Exercise brief: Transcribe the listing exactly, leaving out every picture.

Supplied material:
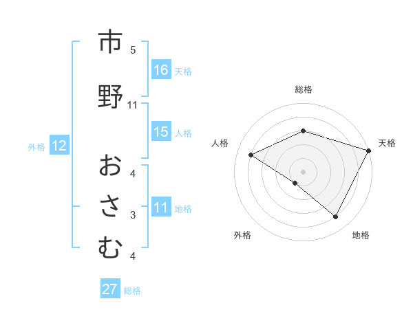 市野 おさむさんの総格は27画の3点!
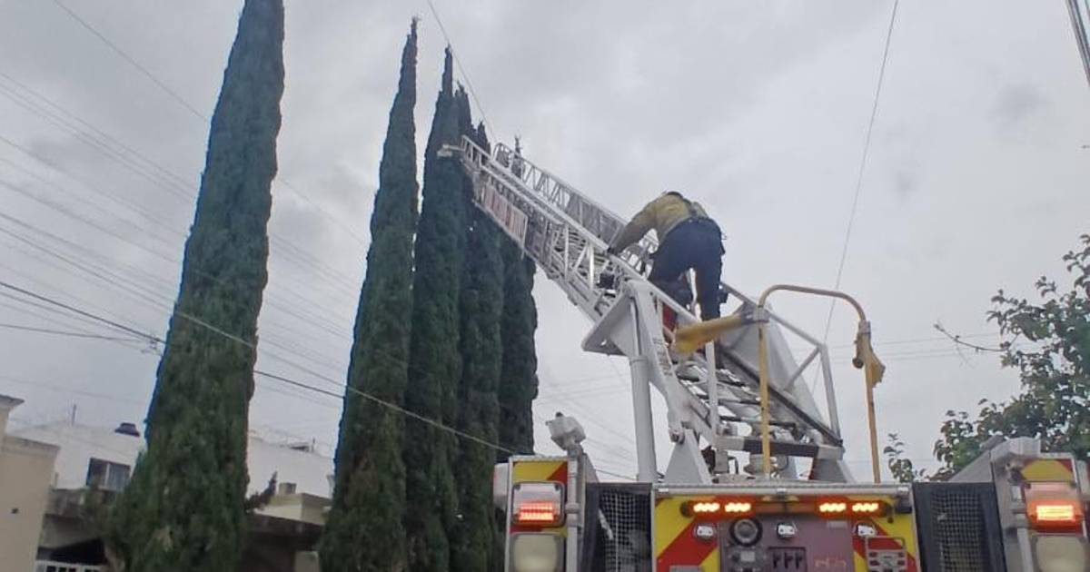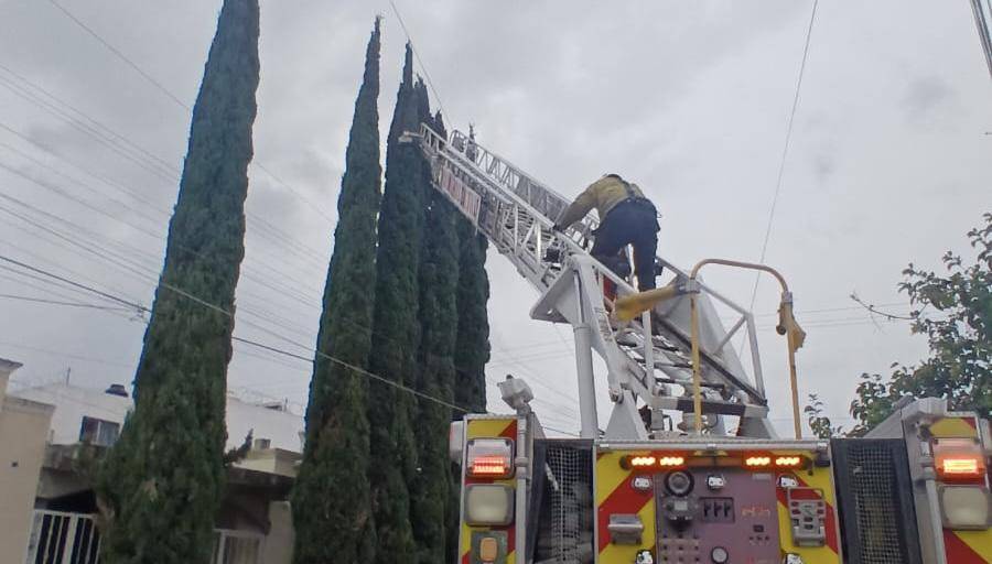 Elementos del Cuerpo de Bomberos rescataron a una gatita que había quedado atrapada en lo alto de un árbol en la colonia Ampliación Morelos, al oriente de Saltillo.
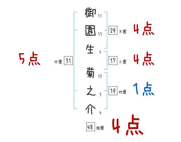 外運![]() | 御園生菊之介さんの外運は31画の5つ星!社交性があり判断力に優れる。順風満帆な人生で円満な生活。 生活面を象徴する運勢です。外部から受ける影響力を表し、結婚運、家庭運や職場、環境への順応性を表します。 |

Answer below:
 市野 おさむさんの総格は27画の3点!
 Elementos del Cuerpo de Bomberos rescataron a una gatita que había quedado atrapada en lo alto de un árbol en la colonia Ampliación Morelos, al oriente de Saltillo.
 外運![]() | 御園生菊之介さんの外運は31画の5つ星!社交性があり判断力に優れる。順風満帆な人生で円満な生活。 生活面を象徴する運勢です。外部から受ける影響力を表し、結婚運、家庭運や職場、環境への順応性を表します。 |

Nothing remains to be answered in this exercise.